▶ What is being asked
Word for word, please copy the line containing "Happitasa Silicone Soap" and all lines after it in the entries below, and only those, leaving every picture out.

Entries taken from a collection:
%%

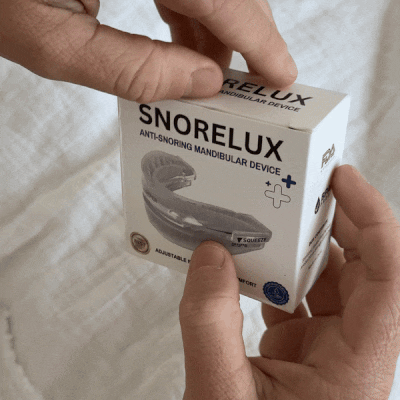 Das Snorelux-Unterkiefergerät bekämpft Schnarchen und Schlafapnoe, indem es den Kiefer in einer geraden Linie hält, eine Blockierung der Atemwege verhindert und eine optimale Luftzirkulation für einen erholsamen Schlaf fördert.
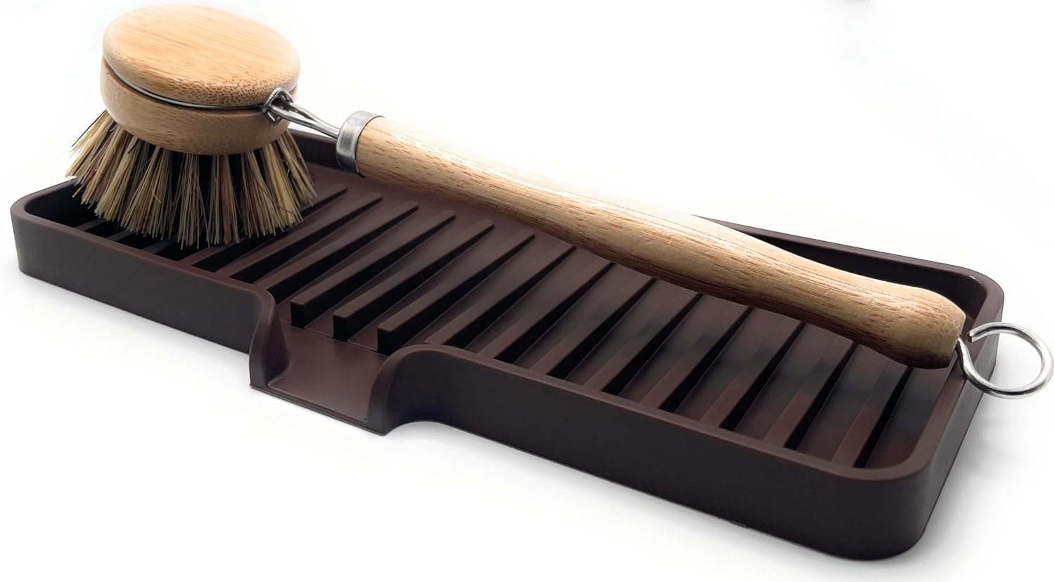 Happitasa Silicone Soap Dish Tray and Sponge Holder with Drain Chute | Bathroom and Kitchen Sink Organizer Caddy (Dark Chocolate, 9"x3.5", 5.6 Ounces)
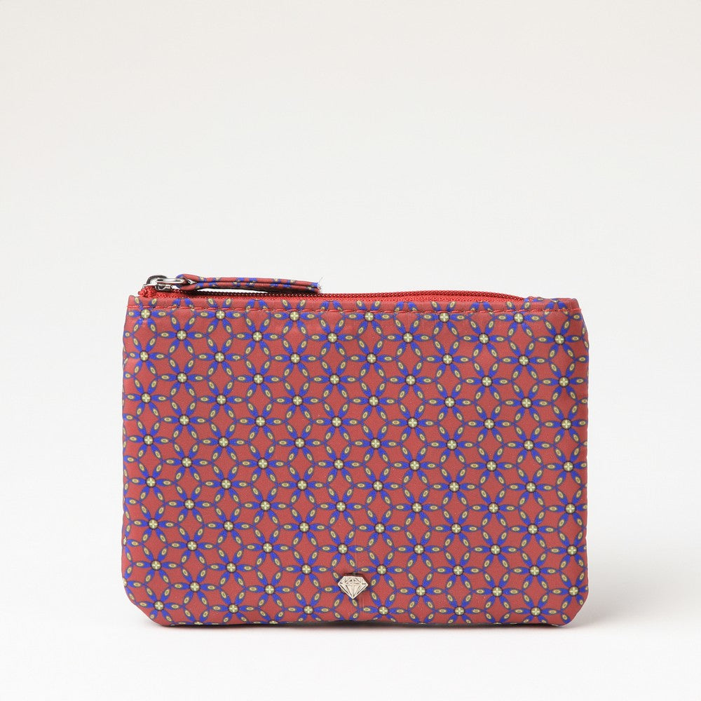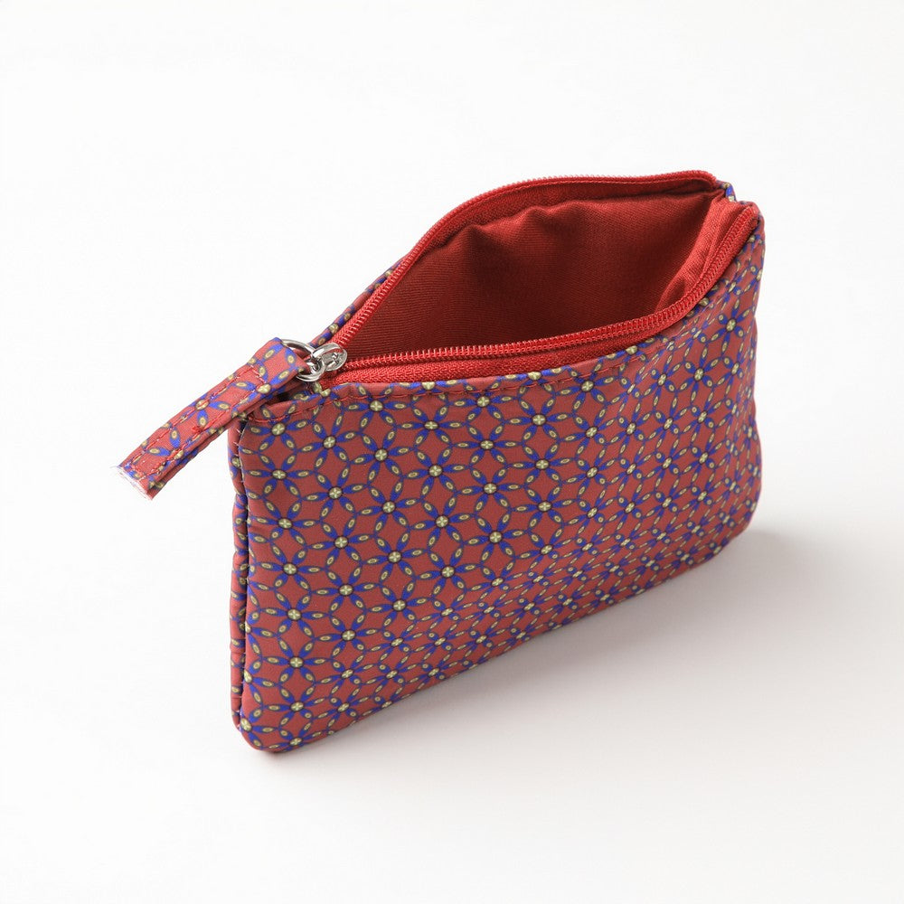 Monedero en nylon rojo con patrón de flores en color azul y un toque amarillo. Incluye cierre superior con tirador y logo diamante en metal plateado. Un diseño elegante y funcional.
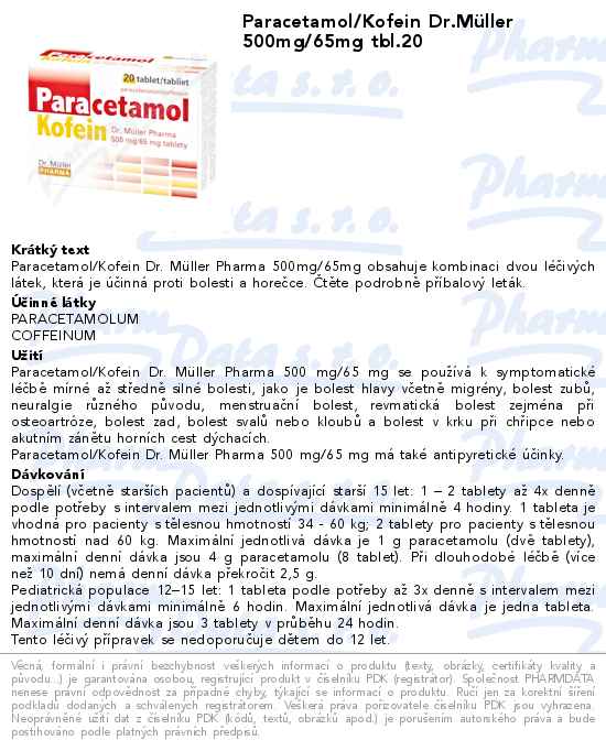 Paracetamol/Kofein Dr.Müller 500mg/65mg tbl.20
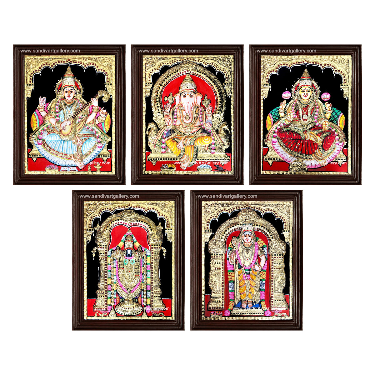 Inform when this item available Vinayahar Lakshmi Perumal Saraswathi and Subramanya Swamy- Pooja Room Semi Embossed Tanjore Paintings
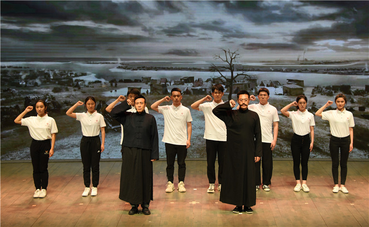 4月20日,在北京大学百周年纪念讲堂,电视剧《觉醒年代》陈独秀扮演者于和伟(前左)、李大钊扮演者张桐(前右)与北大学生同台演出。新华社记者 任超 摄
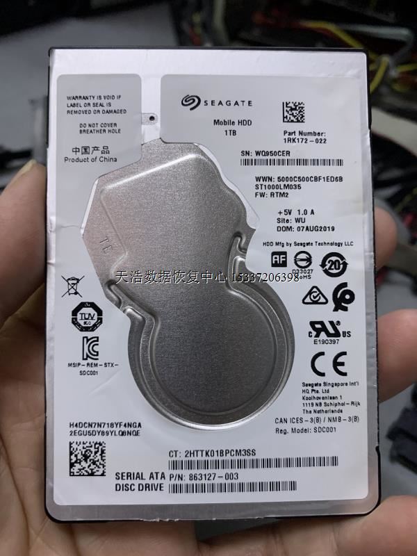 硬盘型号:ST1000LM035-1RK172 SN:WQ950CER FW:RTM2 电路板号:100809471
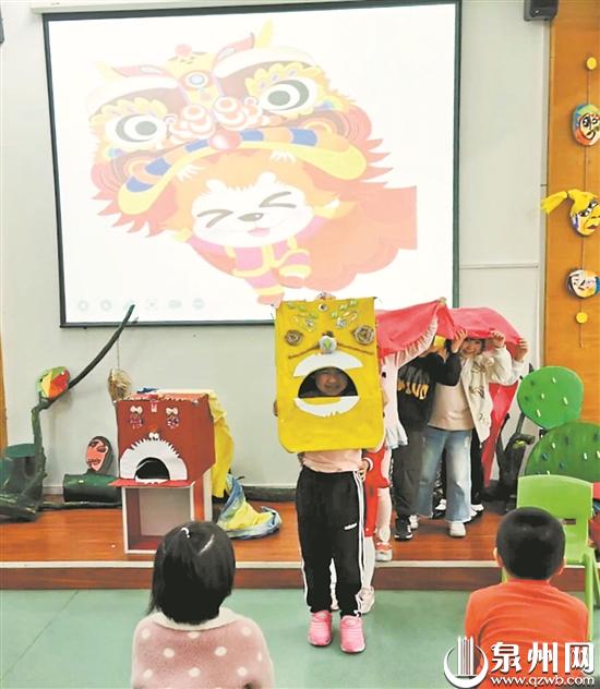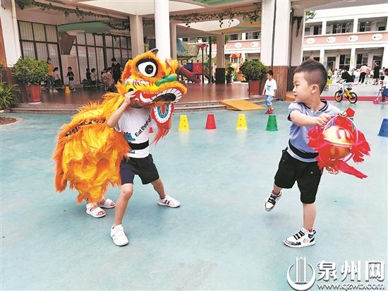 用醒狮装点墙面,以萌狮作为吉祥物,把狮阵文化、舞狮文化等融入课程……为了让小朋友们能够在愉快的氛围中学习狮文化知识,引导他们感受积极向上的“狮子精神”,泉州市一些幼儿园将“狮元素”带入学园中,用来装饰校园环境,提升校园文化内涵。同时,利用狮文化打造富有特色的幼儿主题课程,通过寓教于乐的方式,使小朋友们既锻炼动手能力、强健体魄,也拓宽视野,增长知识。

%%

▶ Written reply
 Happitasa Silicone Soap Dish Tray and Sponge Holder with Drain Chute | Bathroom and Kitchen Sink Organizer Caddy (Dark Chocolate, 9"x3.5", 5.6 Ounces)
 Monedero en nylon rojo con patrón de flores en color azul y un toque amarillo. Incluye cierre superior con tirador y logo diamante en metal plateado. Un diseño elegante y funcional.
 Paracetamol/Kofein Dr.Müller 500mg/65mg tbl.20
 Inform when this item available Vinayahar Lakshmi Perumal Saraswathi and Subramanya Swamy- Pooja Room Semi Embossed Tanjore Paintings
 4月20日,在北京大学百周年纪念讲堂,电视剧《觉醒年代》陈独秀扮演者于和伟(前左)、李大钊扮演者张桐(前右)与北大学生同台演出。新华社记者 任超 摄
 硬盘型号:ST1000LM035-1RK172 SN:WQ950CER FW:RTM2 电路板号:100809471
 用醒狮装点墙面,以萌狮作为吉祥物,把狮阵文化、舞狮文化等融入课程……为了让小朋友们能够在愉快的氛围中学习狮文化知识,引导他们感受积极向上的“狮子精神”,泉州市一些幼儿园将“狮元素”带入学园中,用来装饰校园环境,提升校园文化内涵。同时,利用狮文化打造富有特色的幼儿主题课程,通过寓教于乐的方式,使小朋友们既锻炼动手能力、强健体魄,也拓宽视野,增长知识。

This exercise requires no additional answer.